Chiate was devastated. For four years, he had stood by the doctor. Now, he flinched whenever he heard Tobinick's latest radio ads. "This new breakthrough treatment has helped people long after their stroke, even years after," one says.

Experts said there is little scientific support for the stroke treatment beyond Tobinick's own reports on his patients. "The only proven effect is separating patients from their money," said Dr. Jeffrey Saver, head of the UCLA stroke program.

Tobinick, who now spends most of his time at a clinic he opened in Florida, disputed that characterization.

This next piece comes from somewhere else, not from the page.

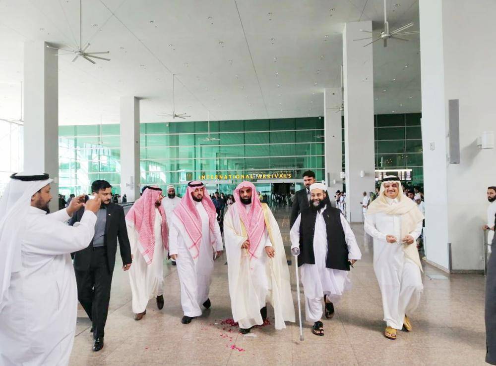 عبدالله الصامل، وعبدالله الجهني لدى وصولهم إلى إسلام آباد أمس. (واس)

"It's not iffy whether this works," he said. "Of course it works. Why are the stroke patients coming back for a second dose? Why do the Alzheimer's patients come back for additional doses?"



Chiate worries now that his children may one day face Alzheimer's and that there will be no way to save them.

"He's fixed and solved every problem he's ever faced," Greg Chiate says of his father, "except for this one."

Last fall, Frank LaFerla, an Alzheimer's researcher at UC Irvine, agreed to test Enbrel in mice genetically engineered to have a form of Alzheimer's — if Chiate could raise $125,000 for an experiment.

Chiate went to his friends and business associates and asked them to contribute to the cause. They provided about half the money, and Chiate gave the rest. Tobinick is not involved.

LaFerla says he is skeptical that the treatment will prove beneficial. "The idea is not crazy," he says. But "if it's that good, it would have been embraced by the mainstream medical community."

The first mouse is scheduled to receive an injection of Enbrel early next year.

Chiate, now 71, says he is prepared to move on after the experiment is over: "If it doesn't work, then I'm done and Tobinick was just a bad dream."

Jeannette has been gone for almost two years. Chiate sometimes wonders if other altruistic pursuits would bring him more satisfaction and less heartache.

"I'm a lawyer at the end of my career," he says, his eyes welling up. "Why don't I just go feed the homeless?"